Although these two concepts are, almost always, the most relevant to high-performance systems, they are not the only ones, and, in some instances, they may have less importance than other variables. Let's look at the following example:

This is a typical logging case used in many applications where you have an object used to asynchronously post a message to the application log. As it is asynchronous, the expected behavior is that this processing does not influence the application's performance. However, looking at the log process, we have different variables to analyze, such as the capacity of ingesting data by this log and the size of this queue. Suppose I have an ingestion capacity incompatible with the data flow generated by the business objects. In that case, this can cause performance problems in the log aggregator or even the loss of information due to the expiration of the lifetime in which the message can be in the queue. Therefore, we must analyze the performance issue, always observing the characteristics of the technologies we will use to achieve the desired robustness.

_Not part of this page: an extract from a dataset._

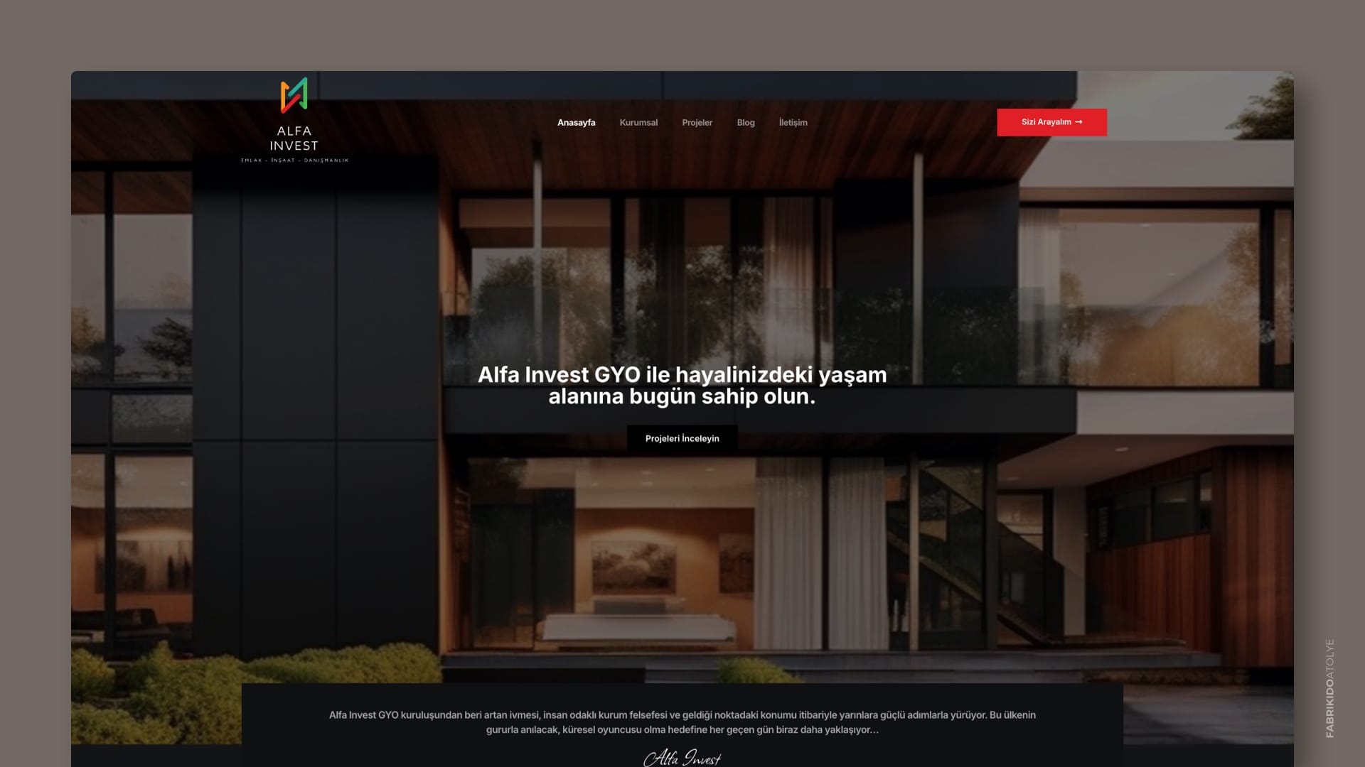 2024 yılında Alfa Pro Invest için, markanın gayrimenkul yatırım ve danışmanlık alanındaki güçlü vizyonunu dijitalde güven veren bir yapıyla sunan özel arayüz tasarımı gerçekleştirdik. Gayrimenkul alım satımı, inşaat projeleri ve danışmanlık hizmetleri; modern, sade ve profesyonel bir kullanıcı deneyimiyle yeniden kurgulandı.

How can we detect a performance problem?

Generally, every performance problem is the result of some queueing somewhere in the application architecture, which can occur on the network, in the database input and output, and in the operating system, among other places. And such queueing is motivated by inefficient or slow processing, serialized access to resources, or limited resource capacity.

The best analogy to a performance problem is a traffic jam, where thousands of vehicles pile up on a road that does not have the necessary throughput.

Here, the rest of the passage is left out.